The district court failed to note in its opinion and certified question the distinction between noneconomic and economic damages setoffs. In our analysis, we address each type of setoff separately. We begin our discussion by referencing the relevant statutory scheme established by the three setoff statutes and the separate apportionment provisions of section 768.81, Florida Statutes (1997). We then review the critical difference between noneconomic and economic damages under this scheme by discussing each separately. Finally, we apply this distinction to the case before us.

863 So.2d 314
A. APPLICABLE LAW

The standard of review for the pure questions of law before us is de novo. See Armstrong v. Harris, 773 So.2d 7 (Fla. 2000). Therefore, no deference is given to the judgment of the lower courts.

1. Applicability of Section 768.81, Florida Statutes (1997)

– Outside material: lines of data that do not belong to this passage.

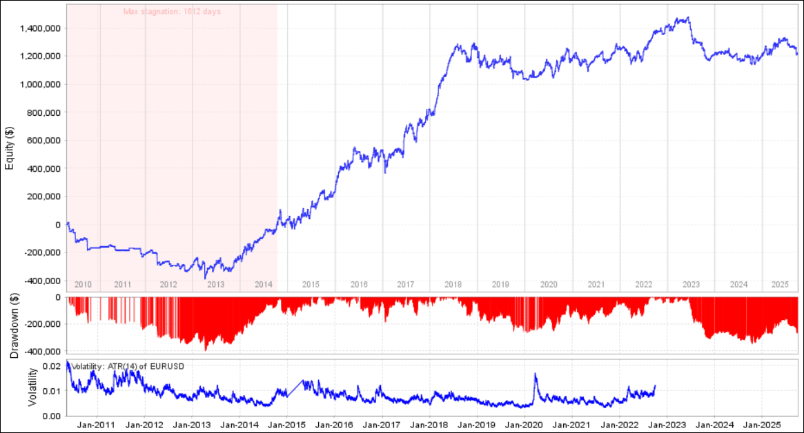 • 下方の赤色のグラフ:ドローダウン(山が大きいとドローダウンが大きい)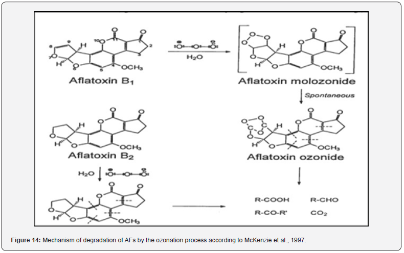 Ozonation has been considered an interesting method for the remediation of cereals contaminated by aflatoxins. The ozone reaction with AFB1 in the site C8-C9 double bond at the terminal furan leads to the formation of aflatoxin molozonide, which is further changed to aflatoxin ozonide. This compound is unstable and changes to aldehydes, ketones, acids, and CO2 (Figure 14). Ozone decomposes to form oxygen gas and therefore can be classified as a nonpersistent chemical; however, it must be generated at the location of its intended use (McKenzie et al., 1997). On the other hand, these features make ozone an important alternative for the food industry. Finally, many international organizations, including the WHO, FAO), and FDA, had regarded ozone as a safe and effective chemical applied in the food industry. A few factore, including temperature, moisture content, exposure time, and O3 concentration, which effected on effectiveness of ozonation process on aflatoxins. A few factors, including temperature, moisture content, exposure time, and O3 concentration, affect the degradation of aflatoxins by ozone [69,70]. In my opinion, it is one of the most effective ways to reduce aflatoxins. It also has ease of application in gaseous as well as liquid forms, no residue after contact, no hazardous disposal, and easy on-site generation of ozone [71].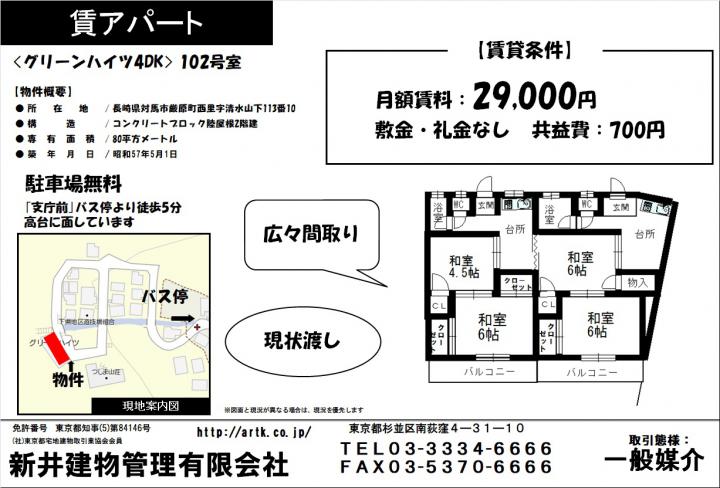 | 物件名 | 対馬市厳原町西里113-10グリーンハイツ102-103号室 4DK 29,000円 |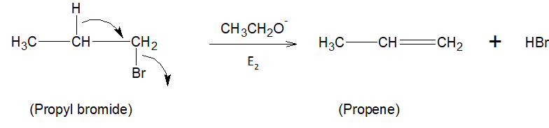 As we know the polarity between carbon-bromine bonds increases by increasing the +I effect which can be increased by increasing the alkyl group. Therefore between options C and D, a higher number of alkyl groups are present in compound D, propyl bromide than compound C. In the presence of strong base ${{C}_{2}}{{H}_{5}}{{O}^{-}}$, propyl bromide formed propene by ${{E}_{2}}$ reaction.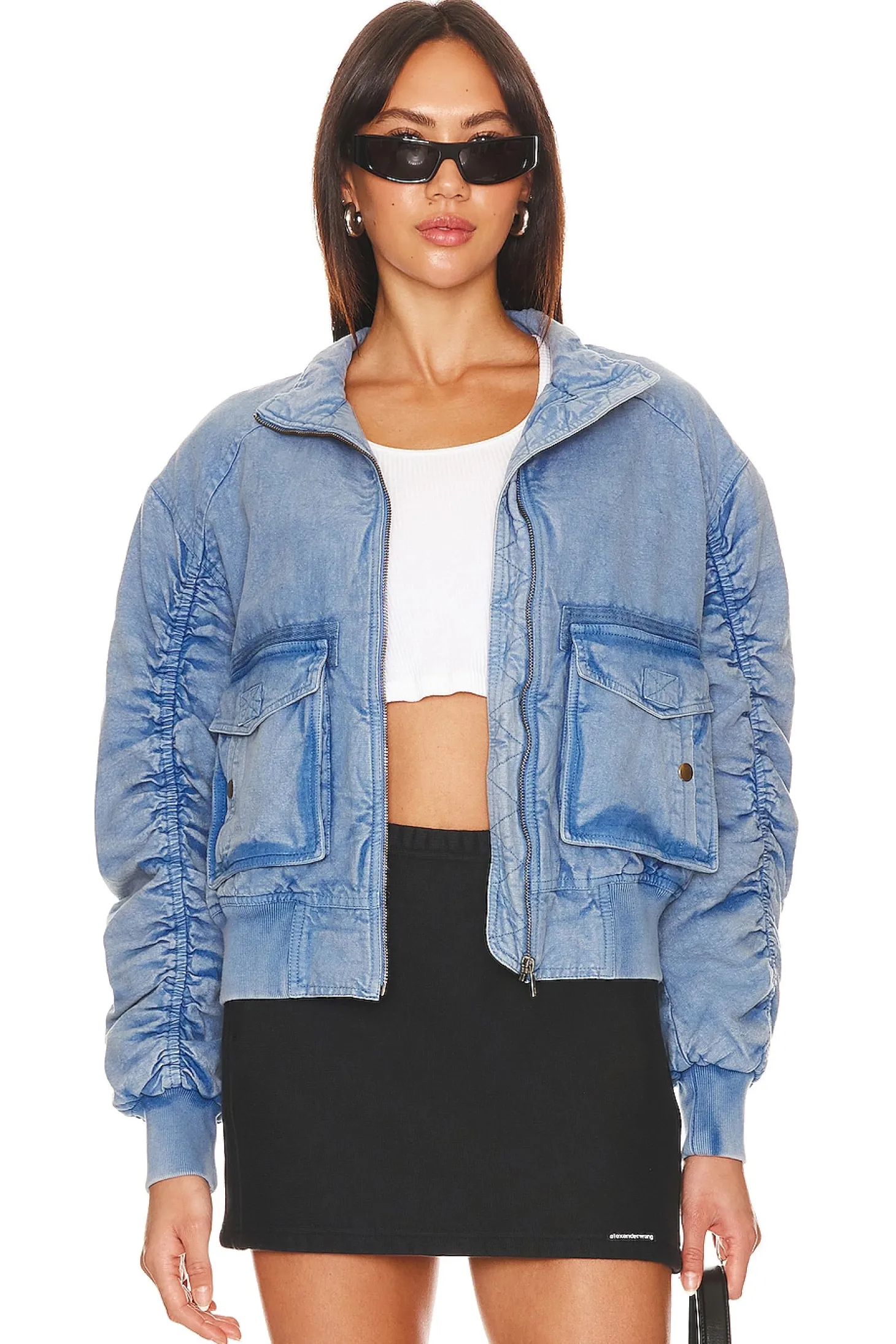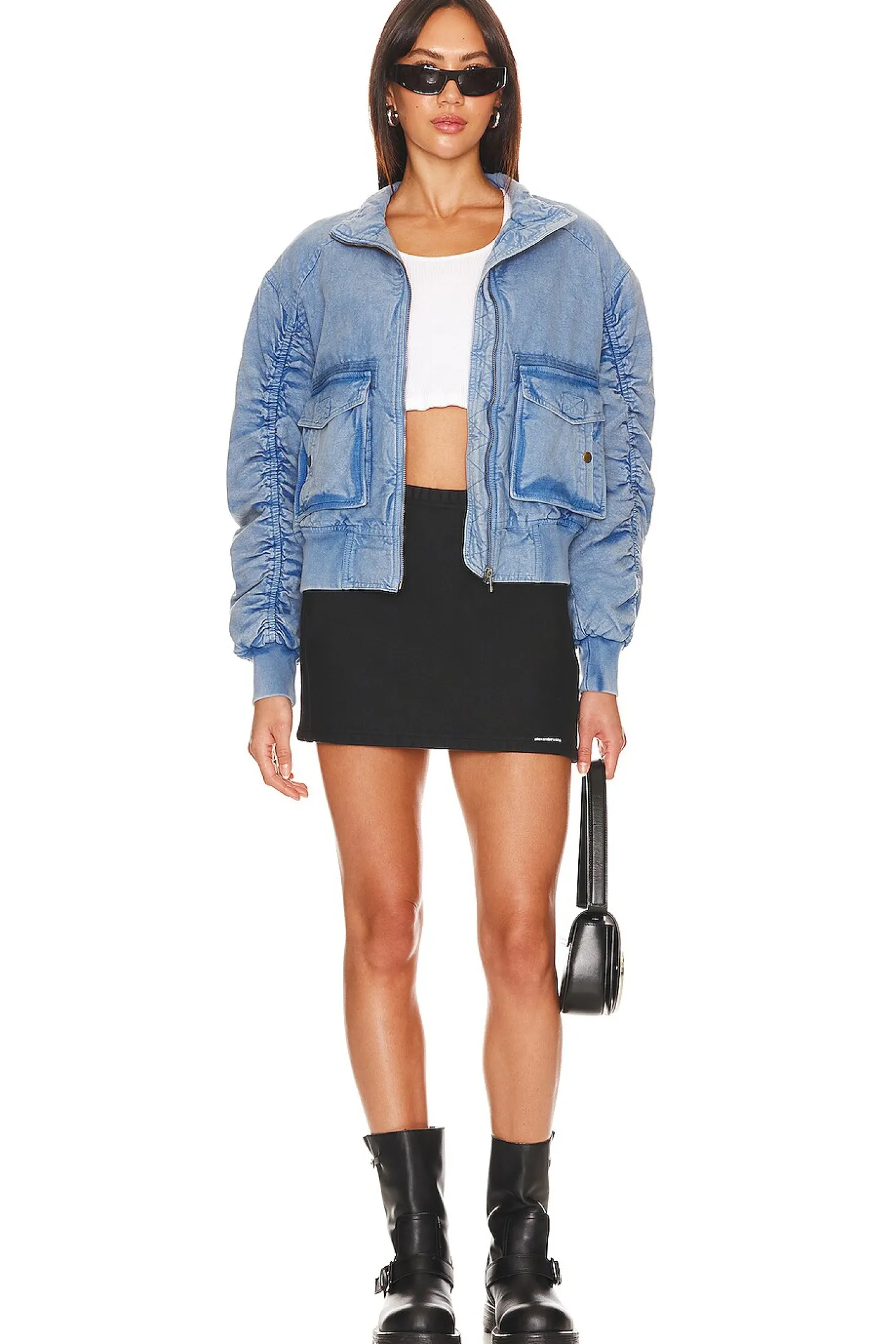 Reimagine denim with the Free People Flying High Bomber in Denim Grey. Embrace the cold weather in style with this puffer-style denim jacket featuring elastic ruched sleeves. Perfect for wearing anywhere, it's a versatile piece that plays on denim for a contemporary, on-the-go look..Cotton blend fabric.Made in India.Machine wash recommended.Front zipper closure.4-pocket styling.Puffer style denim fabric with elastic ruched sleeves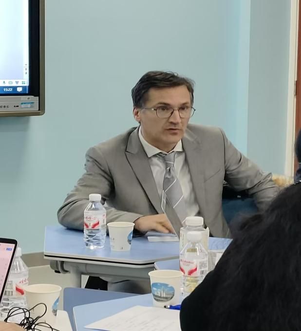 AZEMA 副教授介绍了该校双学位、硕士联合培养项目的核心架构,包括项目设立的国际教育背景、复合型人才培养目标、模块化课程设置逻辑、优质教学资源配置(含师资、科研平台)及毕业生国际升学 / 就业发展前景;同时分享了图卢兹一大的悠久办学历史、优势学科(尤其是法语教学、法学、经济、管理领域)的学术实力,以及多年来国际交流合作的成熟经验,为两校合作奠定坚实基础。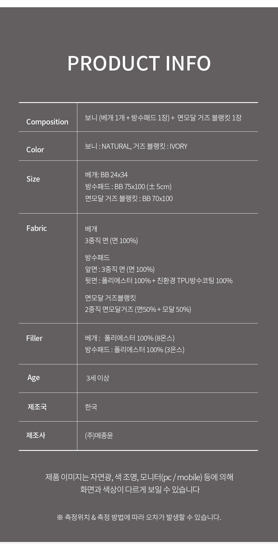 [GIFT SET] 보니 오가닉 방수패드 + 베개 + 블랭킷 세트

Florida law regarding setoffs is found in sections 46.015(2),6 768.041(2),7 and 768.31(5),8 Florida Statutes (1997). Each of these statutes presupposes the existence of multiple defendants jointly and severally liable for the same damages. See Wells v. Tallahassee Mem'l Reg'l Med. Ctr., Inc., 659 So.2d 249, 253 (Fla.1995). After these statutes were first enacted, the Legislature enacted section 768.81, Florida Statutes (1997). Section 768.81 eliminates joint and several liability for noneconomic damages and limits joint and several liability for economic damages. The pertinent part of the statute provides:

APPORTIONMENT OF DAMAGES.— In cases to which this section applies, the court shall enter judgment against each party liable on the basis of such party's percentage of fault and not on the basis of the doctrine of joint and several liability; provided that with respect to any party whose percentage of fault equals or exceeds that of a particular claimant, the court shall enter judgment with respect to economic damages against that party on the basis of the doctrine of joint and several liability.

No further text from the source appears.